潘曹峰,研究员,博士生导师,先后入选国家特聘专家青年项目、自然基金委“优秀青年基金”,北京市海聚工程及特聘专家。

2005、2010年分别在清华大学材料科学与工程系获学士、博士学位,2011与2012年先后获得北京市优秀博士学位论文奖以及全国优秀博士学位论文奖。其后于美国佐治亚理工学院材料科学与工程学院进行博士后研究。主要从事低维压电半导体光电器件的压电(光)电子学效应(压电半导体中的力光电耦合效应)及微纳光电功能器件研究。在Nat. Photon.Chem. Rev. Nat. Comm.Adv. Mater.Adv. Energy Mater.Angew. Chem. Int. Edit.Nano EnergyACS Nano 等期刊上发表SCI论文160余篇,引用6700多次。

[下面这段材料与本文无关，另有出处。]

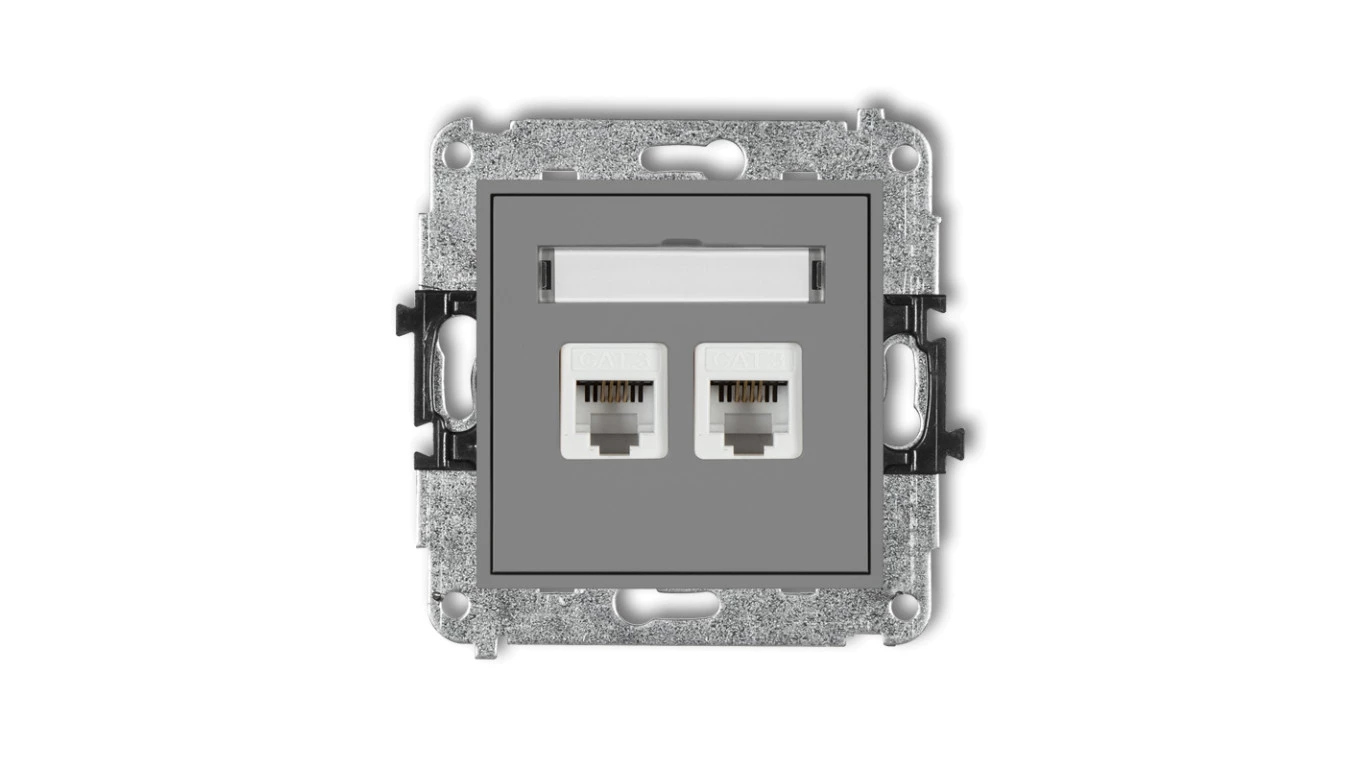 MINI Gniazdo telefoniczne podwójne 2xRJ11 4-stykowy beznarzędziowe szary mat 27MGT-2

现任Science Bulletin期刊材料学副主编与Nanotechnology的光电section editor。

 

研究领域:

压电电子学与压电光电子学实验室主要从事低维压电半导体微纳光电功能器件中的力光电耦合效应(压电电子学效应)及相关应用研究。以构建高性能微纳光电功能器件为目标,以低维压电半导体为载体,从材料的设计和可控制备出发,探索压电(光)电子学效应对压电半导体光电器件性能的调制机制,研究了从单根纳米线原型器件到由大规模纳米线阵列构成的集成器件,在超高分辨率应力传感及成像、高性能传感器阵列等研究方面取得了重要进展。

   目前,实验室主要开展以下三方面研究:

  1. 三代半导体纳米器件中的压电(光)电子学效应
  2. 新型微纳光电器件
  3. 触感电子学与智能机器人

 

课题组近两年在该领域发表的主要论文汇总:

  1. Piezotronics and piezo-phototronics of third generation semiconductor nanowires, Chemical Reviews, 2019, 119, 9303.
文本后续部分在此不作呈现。